Overview
The Threat Alert Page provides a comprehensive overview of security threats identified during interactions with Language Models. It focuses on detecting and analyzing vulnerabilities such as prompt injections, jailbreak attempts, code/markdown content, restricted keywords, and exposures of sensitive data, including PII, PHI, and regex-based patterns. This page enables users to efficiently evaluate risks across different threat categories and take necessary actions to safeguard their systems and sensitive information.
Key Features
Centralized Hub for Security Incidents
The Threat Alerts feature is your new command center for monitoring and managing sensitive requests and security incidents.

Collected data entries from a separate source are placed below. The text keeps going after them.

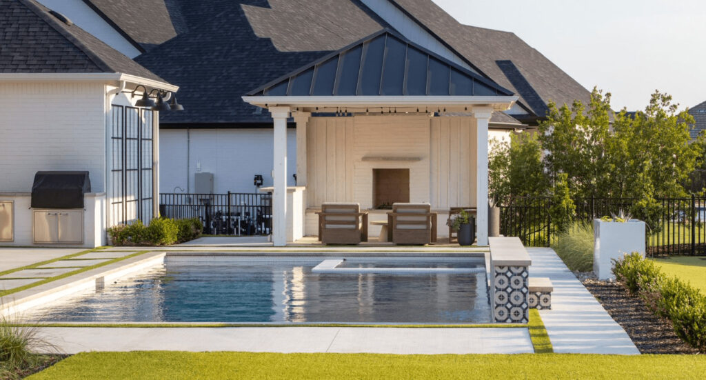 Artificial grass not only looks fantastic — as in the example above — but it also has some distinct advantages over real grass for pool areas in Dallas-Fort Worth homes.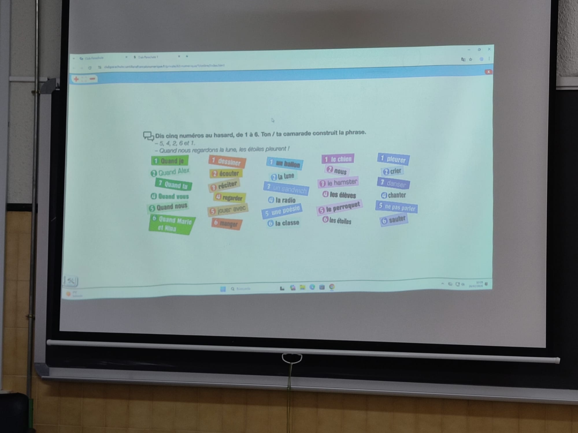 La segunda actividad, desarrollada con otro grupo-clase-nivel (2ºESO, segunda lengua), fue la creación de frases sin sentido. proyectado en la pantalla, se les da las partes de una frase simple (sujeto, verbo y otros complementos).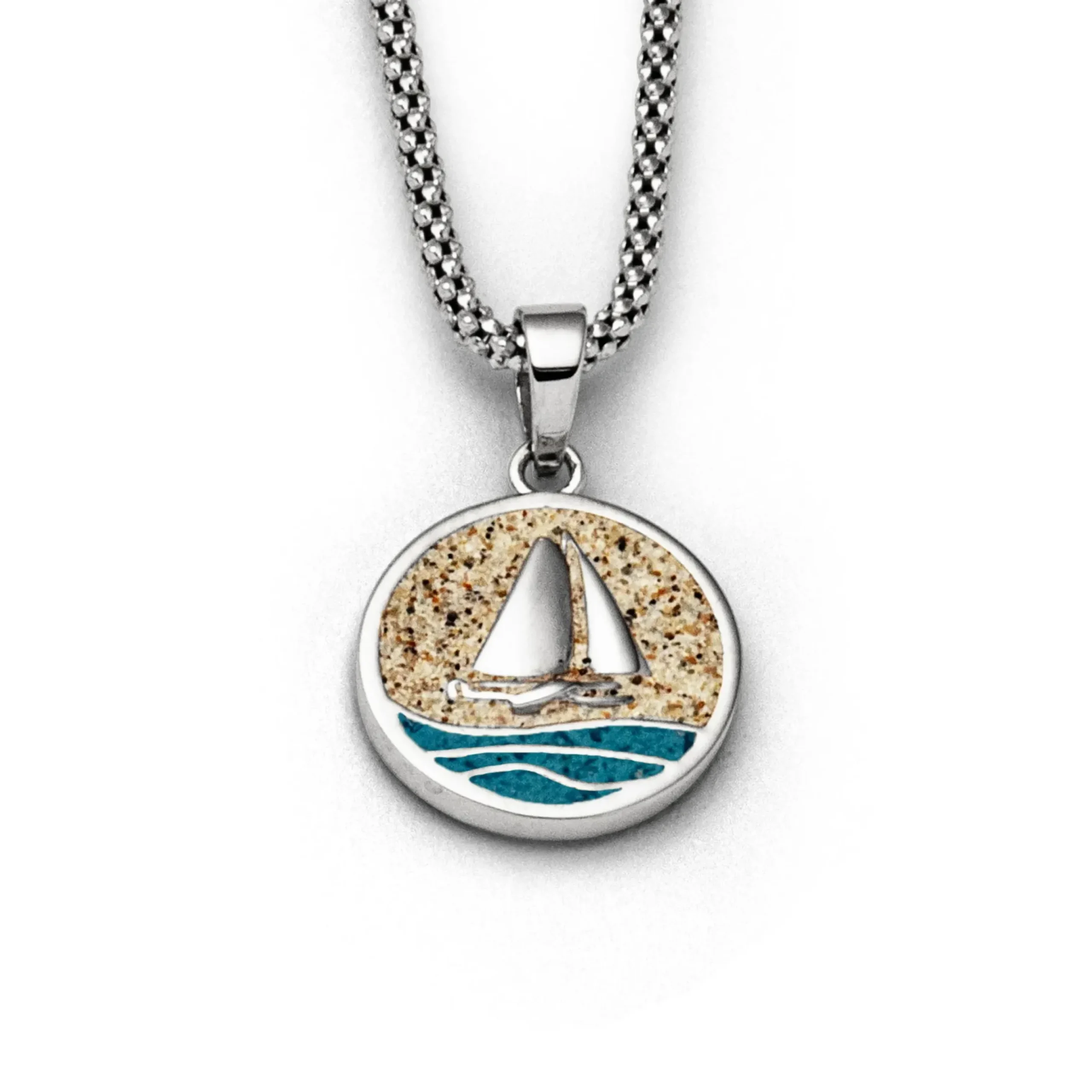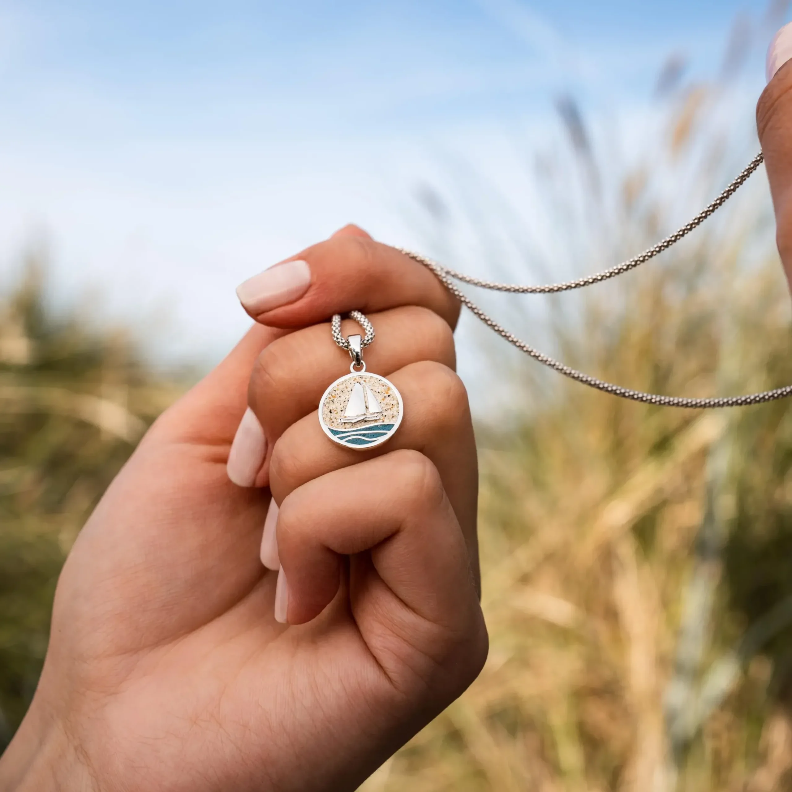 Anhänger „Ahoi“, kleiner runder Anhänger mit einem Plattbodenschiff und Wellen, in Strandsand und blauem Steinsand eingebettet und gefaßt in rhodiniertem 925er Silber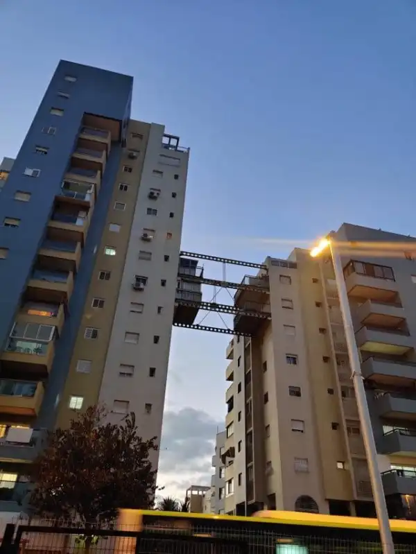 Ответ: Это должна была быть переходная галерея между двумя зданиями, но что-то пошло не так, и на её месте построили балконы.
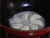 平底锅中放少许底油,热油后,摆上饺子,小火煎把饺子底部煎定型

Centralized Tracking of Sensitive Requests
Aggregate key security events into one easy-to-navigate page.
Alert Categories
- Sensitive Data
- Prompt Injections
- Jailbreak Attempts
- Restricted Keywords
- Markdown/Code Alerts
Interactive Filters
Click on any category metric card to filter the requests that match the metric accordingly.
Comprehensive Request List View
We provide a detailed list view, including fields with quick access to easily scan and identify requests that require attention:
- Request Time
- Model Name (e.g., gpt4o)
- Provider (e.g., OpenAI)
- Request Status (success, exceptions)
- Sensitive Data Indicators (masked, replaced, redacted)
- Duration
Detailed Request Insights
You can click on any row to open a Right Panel View that displays detailed information including request, response data, processor outputs to see which guardrails were applied with name, latency and success/failure. Additional metadata is also available to identify:
- Infotype Categories detected (PII, PHI etc.,)
- Reserved Keywords or Regex Matches Each request is automatically tagged with relevant categories for easy identification, which helps you focus on the most critical issues first.
Flexible Time Filters
Customize your view with time-based filtering for last 24 hours, 7 days, 30 days or 365 days.